Cousins: I know that the film writing I really enjoy is enthusiastic. I love François Truffaut's writing on cinema. I quoted a bit of it in
The Story of Film when he's talking about Johnny Guitar. I love the passionate film criticism of Manny Farber. I love that thing that Rilke says: "Pray, poet, what do you do?" "I praise." So there's a degree of praise going on in The Story of Film. Beyond that, I don't think I have a good answer to your question other than to say that I would like film writers to write as well as possible about this medium and whatever mode they choose is fine.

Guillén: Finally, before we leave here, can you talk about your involvement with the 8½ Foundation?

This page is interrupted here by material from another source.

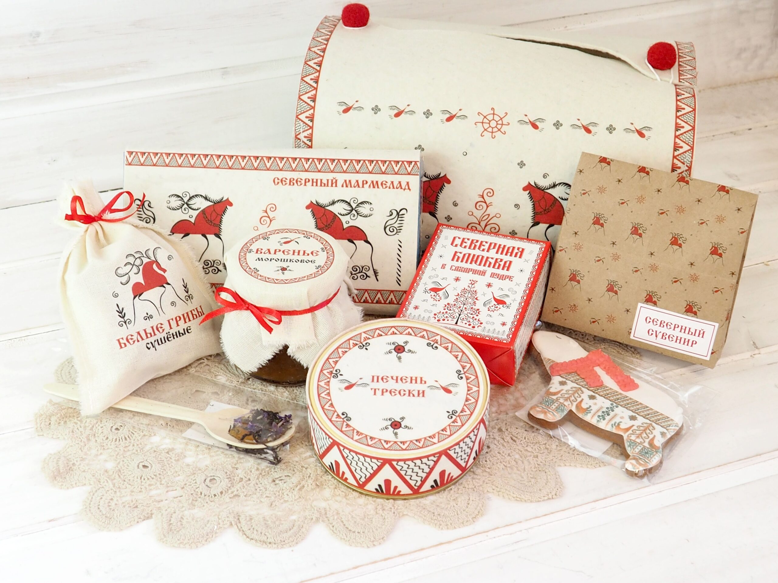 Предлагаем вам подарочные наборы с северными деликатесами и сладостями, упакованные с любовью и заботой в уютные ларчики и сумочки из натурального войлока.

Cousins: The 8½ Foundation was created by Tilda Swinton and me. We discovered that we both fell in love with movies about the same time, when we were eight-and-a-half. Tilda's son asked her once, "Mummy, what did people dream about before the movies were invented?" These things came together and made us think that maybe around the age of eight-and-a-half is a kind of threshold moment; a perfect time to fall in love with cinema before you become a teenager and try to be too cool. We decided to invent a movie bar mitzvah; an initiation into the world of cinema. The 8½ Foundation takes place in Scotland, though we've had offers to repeat it elsewhere. Children—when they're reaching the age of eight-and-a-half—log onto our website, which is set up as a magical world with little projectors in a midnight forest where there are clips of films that Tilda and I particularly love. If these children want to see any of these films or get one of them for their eight-and-a-half birthday, they write a handwritten letter to us. I get hundreds of letters now with drawings and everything. We wrap the film up in sparkly paper and send it off to the child. The idea behind all this is not simply to give the child a beautiful film—and it's a Chinese film or an Iranian film or a West African film—but it's also about appetite generation. As I mentioned earlier, in this modern day when everything is so accessible, if you have to write a letter, send it off and then wait for three weeks before the film arrives, there's a sense of build-up there and, hopefully, that's fun.